Namun tidak mengejutkan bahwa Vietnam, negara yang paling runyam dengan kehadiran militer China di Kamboja, bungkam atas laporan simpang siur mengenai pangkalan militer China-Kamboja.
Washington telah berseteru dengan Phnom Penh atas isu pangkalan beberapa tahun belakangan ini, mengarahkan hubungan bilateral ke titik paling rendah terbaru.
Pejabat Kamboja telah disanksi, termasuk kepala Angkatan Laut Kamboja, Tea Vinh, dan pejabat kedubes AS telah mengamuk ketika akses mereka untuk kunjungi bagian dari pangkalan militer itu ditolak.
Perdana Menteri Australia, Anthony Albanese, baru-baru ini berdebat untuk mengatakan bahwa laporan China memiliki akses rahasia 25 tahun ke pangkalan militer Kamboja sebagai "mengkhawatirkan".

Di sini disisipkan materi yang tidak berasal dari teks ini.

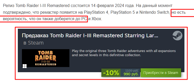 Релиз Tomb Raider I-III Remastered состоится 14 февраля 2024 года. На данный момент подтверждено, что ремастер появится на PlayStation 4, PlayStation 5 и Nintendo Switch, но есть вероятность, что он также доберется до PC и Xbox.

Namun ketika ditanya mengenai pembangunan yang dibiayai Beijing di Pangkalan Angkatan Laut Ream selama konferensi pers 9 Juni kemarin, juru bicara Kementerian Luar Negeri Vietnam mengelak menjawabnya, seperti dilansir dari Asia Times.
“Vietnam selalu ingin mempertahankan dan mengkonsolidasikan hubungan kerja sama yang baik dengan negara-negara di seluruh dunia,” jawab Le Thi Thu Hang, menurut laporan lokal.
“Pada saat yang sama, kerja sama antar negara perlu memberikan kontribusi positif bagi perdamaian, keamanan, stabilitas, dan kemakmuran di kawasan dan dunia.”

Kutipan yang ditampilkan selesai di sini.